The meeting was attended by, among others, Presidents Yoweri Museveni of Uganda, Juvenal Habyarimana of Rwanda and Cyprien Ntaryamira of Burundi, Kenyan Vice-President George Saitoti and Organisation of African Unity (OAU) Secretary-General Salim Ahmed Salim.
Presidents Mobutu Sese Seko of Zaire and Frederick Chiluba of Zambia were expected to attend but failed to arrive, and no reasons were given for their absence.
Mwinyi expressed frustration and disappointment over failure to restore peace and bring democracy to Rwanda and Burundi, two tiny central African nations that have known no peace since independence more than 30 years ago due to ethnic conflicts between majority Hutus and minority Tutsis.

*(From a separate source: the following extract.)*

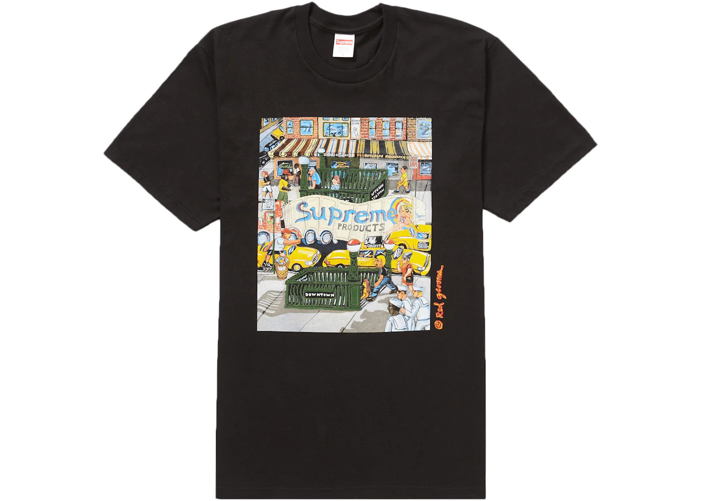 The back of the Supreme Manhattan Tee Black has a printed "Supreme Manhattan" logo, while the front has a printed graphic. This t-shirt comes in black. The printed cartoon image on the front of the Manhattan Tee shows a Manhattan street in New York City. One can quickly notice the yellow cabs and a subway entrance in this product's printed cartoon graphic, which are among the images that represent Manhattan Street. On June 30, 2022, the Supreme Manhattan Tee Black hit the market for the first time. This product had a $40 suggested retail price at the time of its introduction to the market. - Season SS22 - Color Black - Release Date 2022-06-30 - Retail Price 40 - Featured false
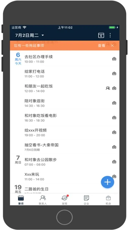 1、日程:所有事项统一记录管理,不会错过任何需要办的事项和备忘录。日、周、月视图以不同的视角自由查看。

Mwinyi pointed out that when Tanzania brokered a peace accord between vthe Rwandan government and Rwandan Patriotic Front (RPF) rebels last year, he had hoped that the two-year civil war would come to an end and peace be restored.
"In retrospect, everything seems to have gone to waste, and this frustration is not mine alone, it is also the frustration of all the neighbouring countries, the OAU, and the United Nations", Mwinyi said.
Mwinyi, who convened the mini-summit to discuss the situation in the two countries -- the Rwandan peace accord impasse and recent massacres of civilians in Burundi -- pointed out that out of the three transitional institutions provided for in the Arusha accords, only the presidency was in place.
"The tragedy as far as I am concerned is that the so-called stumbling blocks to the implementation of the peace process, such as the allocation of seats in parliament and cabinet posts are by all accounts matters not worth shedding a single drop of blood for", Mwinyi said.
On Burundi, Mwinyi said it was sad to see that the joy of a new era of peace, stability and co-operation in the brought about in the region by last July's democratic elections was wiped out by the military establishment's decision last October to put their "parochial interests above the wishes of the Burundians".
The Tutsi-dominated army staged a failed coup on October 21. The first elected president from the Hutu majority, Melchior Ndadaye, was murdered along with several of his key aides, and Burundi plunged into a bloody ethnic war which left hundreds of thousands of people dead and forced more than 700,000 others to flee into neighbouring Rwanda, Tanzania and Zaire.
"What Burundians got through the ballot box was taken away by the gun, and the situation as we all know, is very grave and, as neighbours, we cannot keep quiet," Mwinyi said.
In their remarks, Habyarimana and Ntaryamira pledged to make all efforts to restore peace in their two countries.